Singing Luke’s Christmas Carols

A URC Psalmody ChristmasYesterday I introduced the three “Lukan canticles”—the songs of Mary, Zacharias, and Simeon—and reflected on their appropriateness for Christian worship.  Today I’d like to approach these same songs from a practical and musical perspective by considering their versifications in the Psalter Hymnal.

THE SONG OF MARY – 332, “My Soul Doth Magnify the Lord”

The text of Mary’s song can be found in Luke 1:46-55.  The Psalter Hymnal’s adaptation by Dewey Westra is exceptionally literal and accurate, without sacrificing poetic integrity.  My only quibble—and it is indeed a tiny one—is that the term “my Savior” is not used in the versification of v. 47.  Other than that, this text is pristine, and its accompanying tune, PENTECOST, is quite solid as well.

THE SONG OF ZACHARIAS – 333, “Blest Be the God of Israel”

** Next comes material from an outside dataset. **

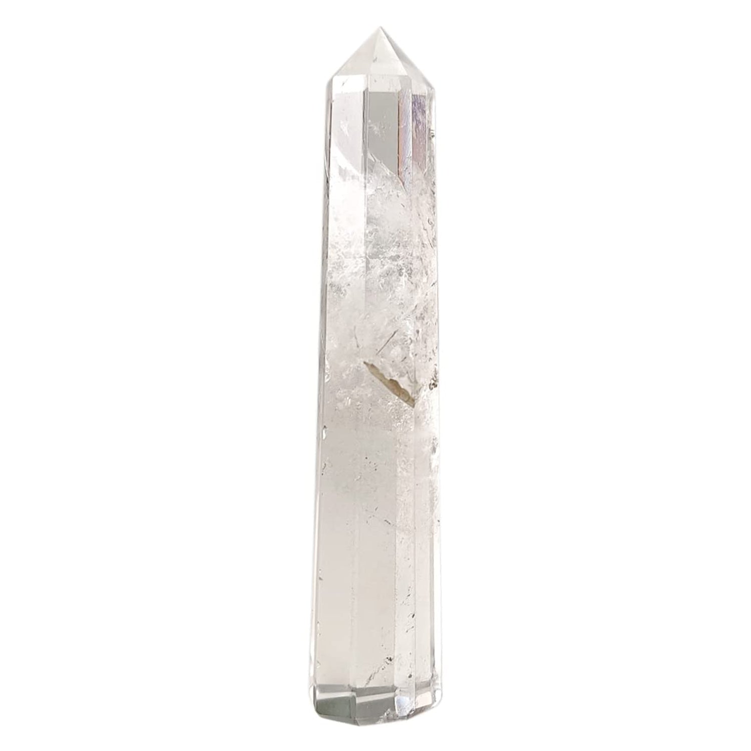 A Clear Quartz Crystal Wand is a tool often used in crystal healing, meditation, and ritual practices. It is believed to have grounding and protective properties and is thought to help with emotional balance and stability.

“Blest Be the God of Israel” is another Dewey Westra gem.  The text (Luke 1:68-79) is amplified just a bit to fill this setting’s four irregular stanzas, but it is absolutely solid in beauty and Scriptural accuracy.  Its tune goes by various names, including BENEDICTUS and AN WASSERFLÜSSEN BABYLON.  Composed in the 16th century separately from the Genevan Psalter project, this is the traditional tune for the Song of Zacharias (as far as I know).  A different version is found in the 1987 gray Psalter Hymnal, but both settings are grand and fitting, even if they seem a bit difficult at first.  The structure of BENEDICTUS seems to demand strong rhythmic accompaniment; in my head I can imagine a piano and organ duet rendering this tune very nicely.  Below is a remarkable Dutch improvisation.

THE SONG OF SIMEON – 334, “Now May Thy Servant, Lord”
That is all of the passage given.